A dozen brokerages and investment banks have come out with research notes on what investors should expect from the finance minister Nirmala Sitharaman this coming Budget. The broader expectation is that the budget would support consumption and have a strong focus on manufacturing, with an emphasis on MSMEs. It is seen focusing on higher infrastructure spending, asset monetisation, and agriculture and rural spending. A look at past pre-election years also suggests a likely higher capex and rural spending is in the offing, analysts said.
The upcoming FY24 union budget, which is scheduled to be presented on February 1, comes at a crucial crossroads, said Nomura India.
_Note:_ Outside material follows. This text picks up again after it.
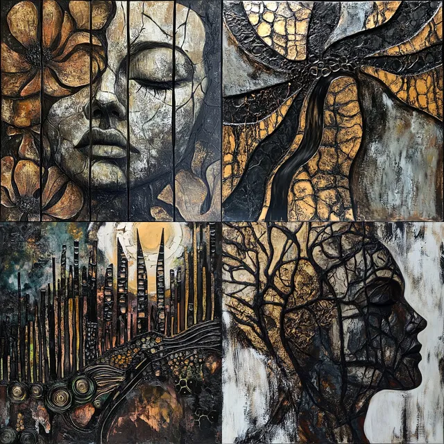 Этот стиль отличается насыщенной текстурой и многослойностью. Он создаёт ощущение органичной сложности благодаря своим мозаичным композициям. Преобладают землистые и натуральные тона, которые создают тёплую и располагающую атмосферу. Замысловатые узоры и плавные формы этого стиля указывают на влияние модерна и модернизма, а его смелые, динамичные элементы отсылают к футуризму и ретрофутуризму.

"India needs to continue down the path of fiscal consolidation, but an incoming growth slowdown, lower nominal growth and political considerations – this will be the last full budget ahead of the 2024 general elections – mean uncertainty over the extent of consolidation," said Nomura India.
The government, Nomura said, will aim to balance consolidation and the need to support growth, announcing a fiscal deficit target of 5.9 per cent of GDP in FY24. This should be supported by lower subsidy spending, while ramping up capex, meaning a good quality of consolidation, it said adding that higher rural spending and some income tax tweaks are possible, but it is not pencilling in a populist budget.
ICRA expects a further boost in capital expenditure in the FY2024 Budget and continued support towards the rural economy. In addition, it believes an announcement of a big-bang feel-good social sector scheme could be funded by the cushion provided by lower expenditure on subsidies.
"In the backdrop of a global growth slowdown and geopolitical uncertainty, ICRA foresees the FY2024 Union Budget to support domestic economic growth, with a continued impetus towards infrastructure and capacity development. The Union Budget for FY2024 is likely to entail a further modest fiscal consolidation, however, providing a clear fiscal glide path for the medium term holds key to ensure GoI’s commitment in sticking to the fiscal consolidation roadmap to achieve its deficit targets," ICRA said.
What history suggests
Goldman Sachs analysed the pre-election budgets over the last 15 years to better understand changes in spending patterns. Net-net, its analysis reveals that typically there is an increase in capex allocation towards infrastructure -- mainly consisting of roads and railways and a cut in defence spending. In the case of current expenditure, an increased allocation towards rural spending or welfare schemes mainly in education and healthcare was seen, Goldman Sachs said in a note.
In FY19, capital expenditure on defence decreased from 36 per cent (FY 15-18 average) to 32 per cent, while infrastructure increased from 29 per cent (FY15-18 average) to 40 per cent of total capex. In the case of current expenditure, spending on defence declined from 15 oer cent (FY15-18 average) to 13 per cent while welfare spending increased from 8 per cent (FY 15-18 average) to 19 per cent of total current expenditure, Goldman Sachs said.
Goldman Sachs noted that in FY14, also a pre-election year, capital expenditure on defence declined from 44 per cent (FY10-13 average) to 43 per cent, while infrastructure increased from 20 per cent (FY 10-13 average) to 23 per cent of total capex. In case of current expenditure, spending on welfare marginally increased from 8.5 per cent (FY10-13 average) to 8.7 per cent while rural spending decreased from 16 per cent (FY10-13 average) to 13 per cent of total current expenditure.
In FY09, infrastructure capex increased from 16 per cent (FY05-08 average) to 19 per cent of total capex. Rural spending increased from 13 per cent (FY05-08 average) to 20 per cent.